Given that both GPP and ACH are chronic and incurable conditions, achieving long-term therapeutic control becomes crucial to prevent complications. At present, there is a lack of standardized treatment guidelines for both ACH and GPP. Various biologics have been attempted for GPP, but their success rates have been inconsistent (5–7). On the other hand, managing ACH poses significant challenges as it commonly exhibits resistance to therapy. Notably, even within the same patient, the treatment response of ACH tends to be inferior to that of GPP (3, 8).

Recent studies have indicated that innate immune inflammation primarily underlies the pathogenesis of GPP, with a crucial role played by the activation of the IL-36 signaling axis (9, 10). Overactivation of IL-36 signaling and dysregulation of inflammatory cytokines released by keratinocytes contribute to the recruitment of neutrophils in the epidermis (11). Notably, mutations in the IL-36RN gene, responsible for encoding the IL-36RA, are commonly observed in both GPP and ACH patients (12, 13). Furthermore, a few GPP patients have also been found to have variants in AP1S3, a gene encoding the adaptor-related protein complex 1, sigma-3 subunit, leading to hyperactivation of tumor necrosis factor (TNF) and increased IL36α expression (14, 15). Interestingly, these variants are also observed in some ACH patients (13, 16), suggesting a shared pathogenesis between GPP and ACH, with the IL-36 signaling pathway being a potential therapeutic target. The recent approval of spesolimab, the first anti-interleukin-36 receptor (IL-36R) biologic, for the treatment of GPP flares in 2022 has shown promising results (17, 18). In this context, we present a case study of a Chinese male with concurrent ACH and GPP, who exhibited successful treatment outcomes with spesolimab after prior treatment failures with adalimumab and secukinumab.

In August 2020, the patient was hospitalized with a diagnosis of GPP, as generalized pustules reappeared accompanied by leucocytosis and elevated C-reactive protein (CRP) levels (Figures 1A–D).
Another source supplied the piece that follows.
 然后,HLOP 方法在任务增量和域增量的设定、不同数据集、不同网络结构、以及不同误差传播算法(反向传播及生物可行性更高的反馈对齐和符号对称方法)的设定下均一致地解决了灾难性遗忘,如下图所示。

A loading dose of 80mg of adalimumab was prescribed, followed by a subsequent dose of 40mg every 4 weeks, which led to a significant improvement in skin lesions within 3 weeks. Despite occasional recurrences of the psoriasis rash due to stress or respiratory infection during 15 months of treatment, the nail lesions persisted (Figure 1B). Adalimumab was then discontinued, and the patient’s treatment was switched to a loading dose of 300 mg of secukinumab every week for 5 weeks, followed by a monthly dose of 150 mg, in accordance with the Chinese guidelines for the use of biologic agents in the treatment of psoriasis (19). Improvement was observed 2 weeks after the initial injection, and after three months of treatment, the skin lesions were nearly completely resolved (Figure 1C). However, the patient’s nail lesions remained unresponsive to treatment. As a result, secukinumab treatment was discontinued six months later due to its high cost, and the patient was switched back to adalimumab. Within 2 months, he experienced a worsening of the skin lesions and was transferred to our hospital.
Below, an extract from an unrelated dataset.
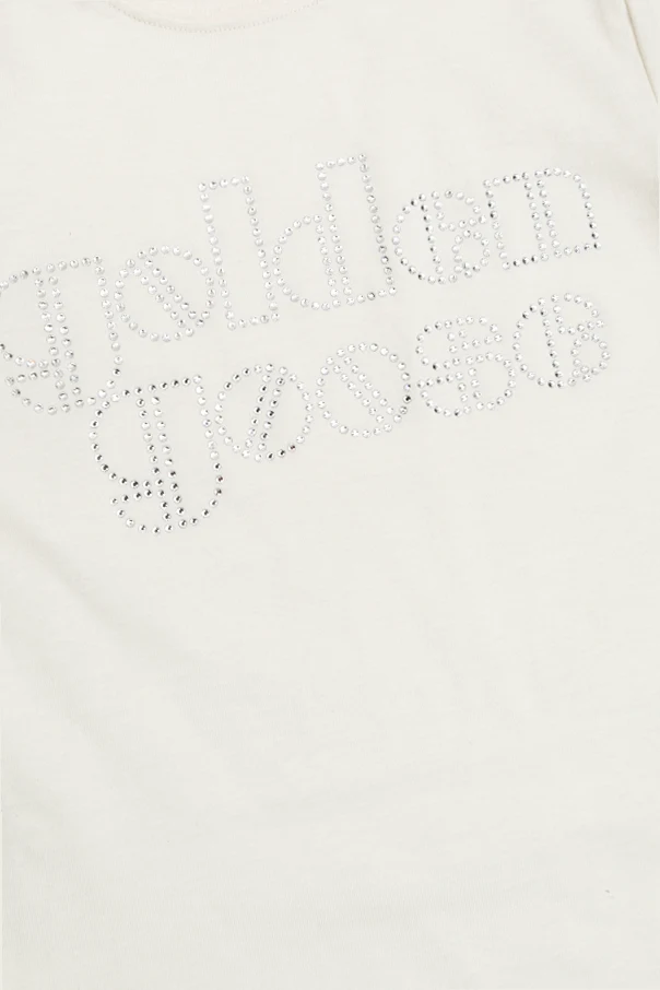 The defining feature—a shimmering “golden goose” logo—graces the front, meticulously designed with tiny, light-catching crystals that create a striking 3D effect, epitomizing refined playfulness and modern elegance. Inside the collar, a discreet label honors its Italian origin and designer legacy.

Figure 1 (A) The timeline of the GPPASI score and mNAPSI score during treatment with different biologics. (B) Periungual erythema, periungual and subungual pustules and onychodystrophy on swollen distal fingers in different periods. (C) Skin lesions on the trunk and both lower limbs and variation in the WBC and CRP. GPPASI, generalized pustular psoriasis area and severity index; mNAPSI, modified nail psoriasis severity index; WBC, white blood cells; CRP, C-reactive protein.

The physical examination revealed severe erythema accompanied by mild scales on the scalp, trunk, and upper limbs. Pustules and areas filled with pus were clearly visible at the center of several erythematous areas. Distinct demarcation lines could be observed along with erythema and pustules on most swollen distal fingers and the first toes. These areas also had erosions that were covered in thick yellow crusts. The nails on these affected digits showed signs of dystrophy and were adorned with pustules (Figures 2A–D). The patient’s generalized pustular psoriasis area and severity index (GPPASI) and modified nail psoriasis severity index (mNAPSI) scores were 21.9 and 10, respectively. Laboratory investigations indicated leukocytosis with neutrophilia, as well as elevated levels of CRP (Figure 1). Notably, the patient tested negative for rheumatoid factor, antinuclear antibody, and anti-cyclic citrullinated peptide.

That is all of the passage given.